Border and Perimeter Security
Fixed and mobile camera networks equipped with AI analysis can monitor extended frontiers 24/7, alerting security forces only when genuine incursions or anomalous behaviors are detected — filtering out false positives from wildlife, weather, or civilian movement.

 

Force Protection
Around forward operating bases or critical installations, intelligent video analytics provides persistent 360-degree awareness, detecting and classifying threats before they reach engagement range and cueing counter-measures or response forces.

 

Counter-UAS Operations
IVA systems are increasingly deployed specifically for the detection and classification of hostile UAVs — tracking swarm formations, identifying launch signatures, and supporting intercept targeting in real time.

 

Urban Operations
In complex urban environments, AI video analytics supports route reconnaissance, crowd monitoring, and facility security, identifying patterns of behavior that precede attacks or coordinated incursions.

 

According to Wikipedia’s overview of video analytics technology, the field has expanded significantly with the availability of affordable AI hardware and the maturation of computer vision models — making capabilities once reserved for the largest defense programs accessible to a much broader range of operators and applications.

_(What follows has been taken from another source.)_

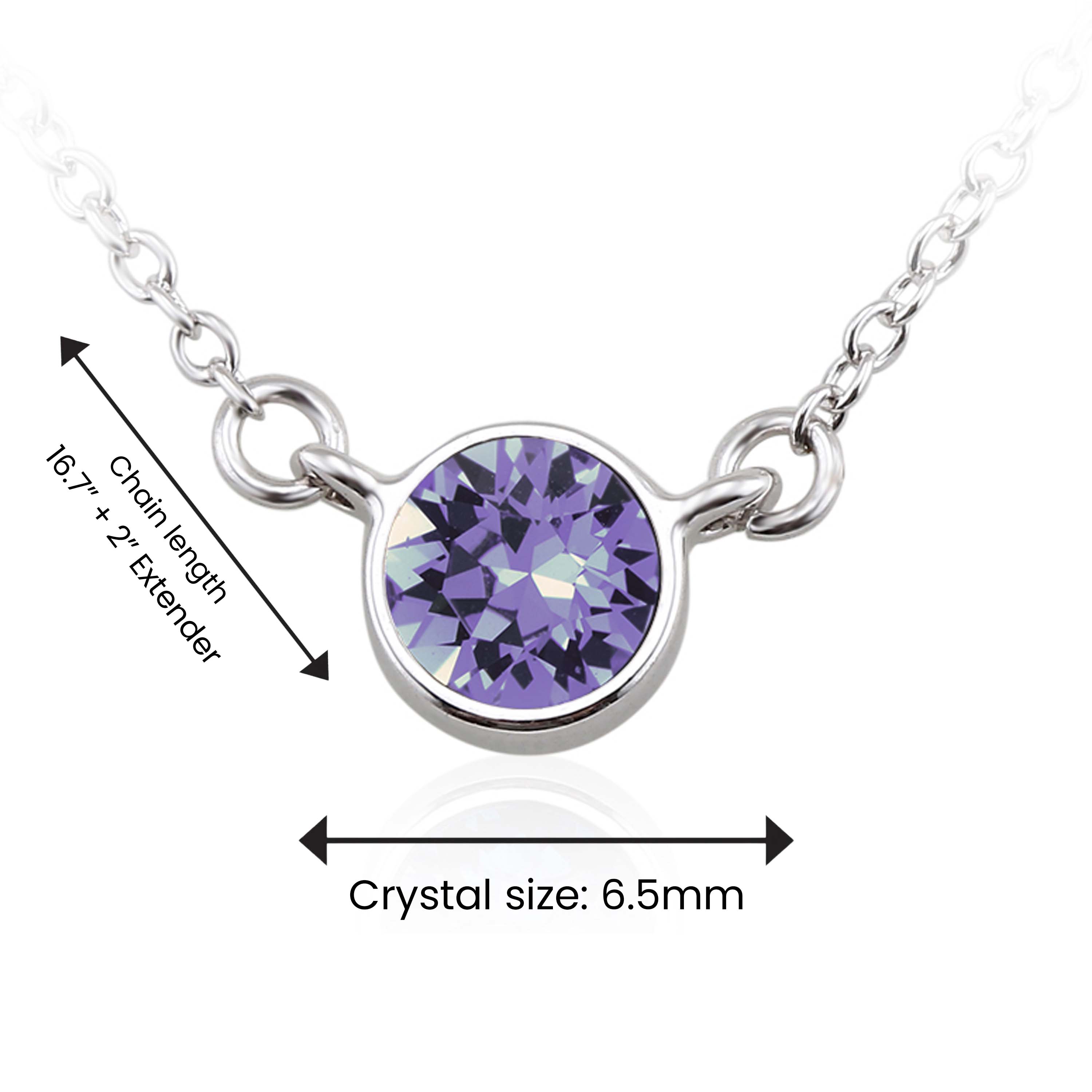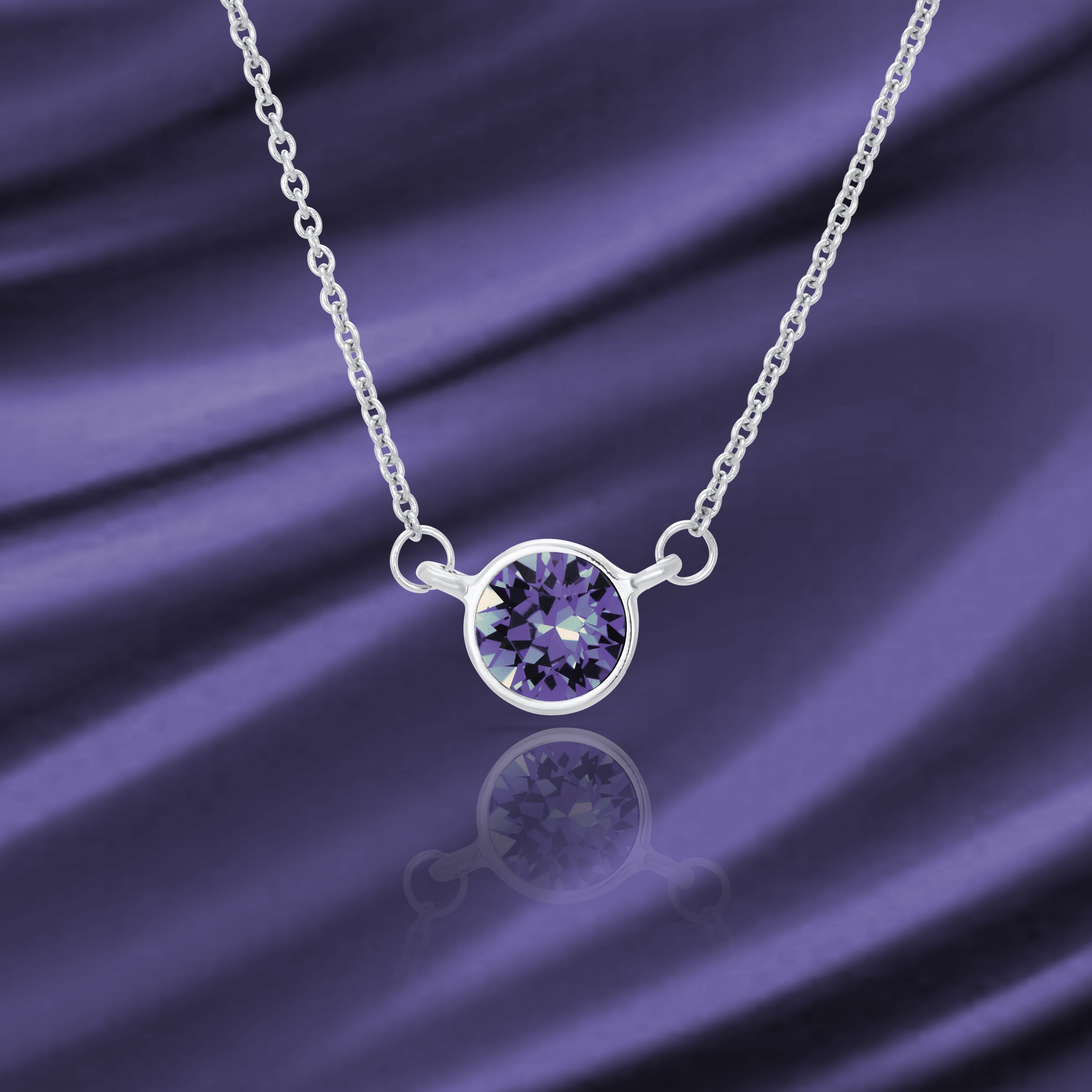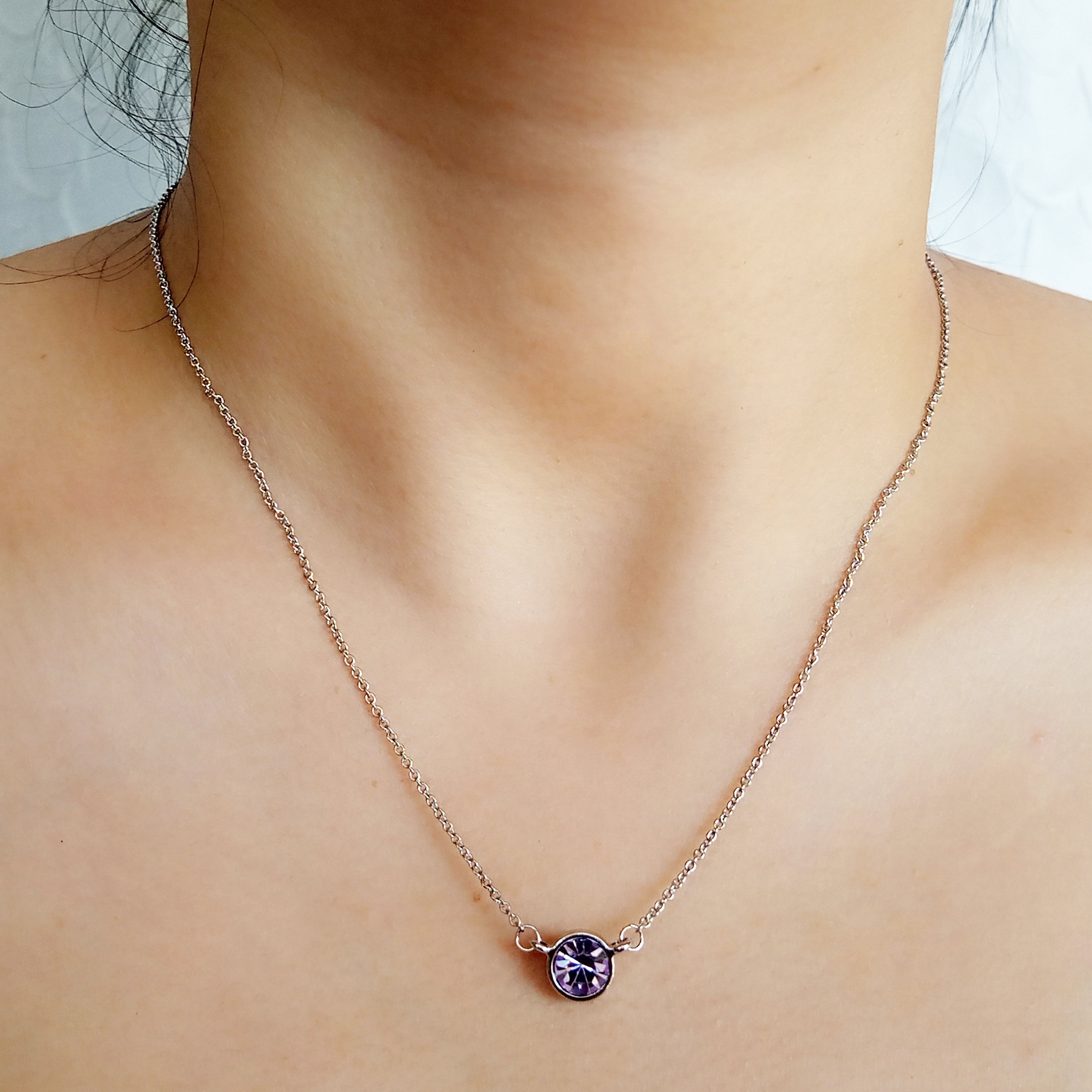 Round single stone crystal pendant. Bezel Setting. Necklace Chain linked to the pendant on the two sides. Austrian crystals. Violet

Selecting an Intelligent Video Analytics System

For procurement teams and defense integrators evaluating IVA platforms, several technical criteria consistently separate operational-grade solutions from commercially-adequate alternatives:

 

  • Detection accuracy at target ranges: What is the false positive and false detection rate at operationally relevant distances?
  • Multi-stream capacity: How many simultaneous video feeds can the system analyze without degrading detection performance?
  • Latency from capture to alert: End-to-end pipeline latency of under 100ms is the operational standard for real-time tactical applications
  • Edge processing independence: Can the system operate effectively without persistent connectivity to a ground station or cloud server?
  • Environmental qualification: Is the hardware MIL-STD-rated for vibration, temperature extremes, dust, and moisture?
  • Integration with C2 systems: Does the system output structured data compatible with standard command-and-control architectures?

 

As intelligent video analytics continues to mature, the gap between what AI-enabled systems can detect and what human operators can manually monitor will only grow wider. Organizations that build intelligent video analysis into their surveillance and ISR architecture now will hold a substantial operational advantage over those that treat it as a future capability.